Update retention times to alkane retention time indices for GC-MS

CLUES-Emory commented 8 months ago

Hello! We are running large studies (>1000 samples) on GC-HRMS. Peak detection has been working beautifully. Over the course of the run, we have drifts in retention times due to column aging and periodic column changes. To help account for this effect, we run alkane mixes within each batch (96 samples). These are used to both monitor retention time changes, and calculate retention time indices for comparison to spectral databases. To improve alignment of our data, I would like to loop each batch and replace the raw retention times with retention time indices calculated from the alkane mix in that batch. Once updated, we will extract and align peaks using the traditional XCMS workflow.

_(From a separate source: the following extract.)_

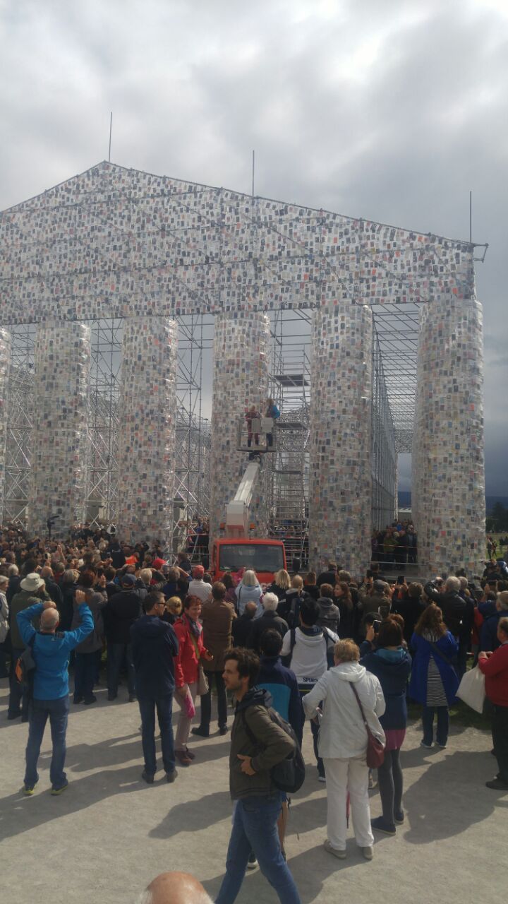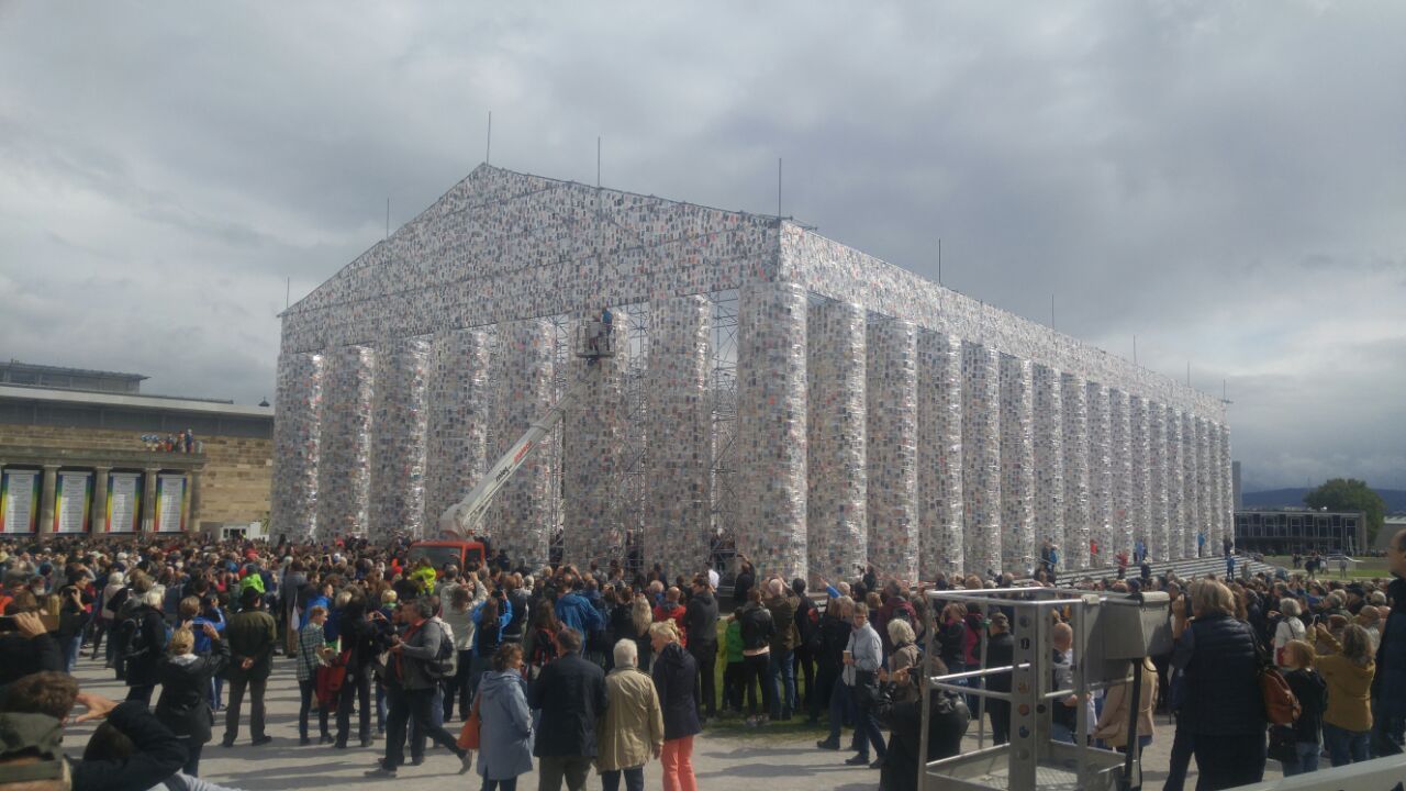 이번 도쿠멘타의 상징적 설치 작품인 책의 파르테논 은 금서 들을 가져다 그리스 신전 모양의 설치물에 걸어 전시를 한 것인데 ...중간 중간에 듬성 듬성 빈자리 들이 많았고 금서들을 기부 받고 있다고 한 것이 엊그제 같은데 어느새 작가가 마지막 책을 다 끼우고 ....(독일 친구들 중에서 히틀러 때 금서 였던 책 들을 집에 가지고 있다가 이번에 기부 한 친구들이 꽤 된다.)

My question is what is the most appropriate way to do this? I could think of a few ways, with varying efficiency.

Read in files for each batch using readMSData(). Replace raw retention time with rtime(raw_data)<- Calc_RI. Write to new mzML file using writeMSData(). Obviously this would be very slow and inefficient.
Read in files for all samples readMSData(). Replace raw retention time OR adjusted retention time with rtime(raw_data)<- Calc_RI seperately for each batch. Continue with data extraction. Adjusted retention time would be preferred so the original retention time could be retained
Read in files for all samples readMSData(). Detect peaks using findChromPeaks. Replace peak retention times with Calc_RI. Continue with data extraction. However, I could not get this to work, since it would not let me assign adjusted retention times manually.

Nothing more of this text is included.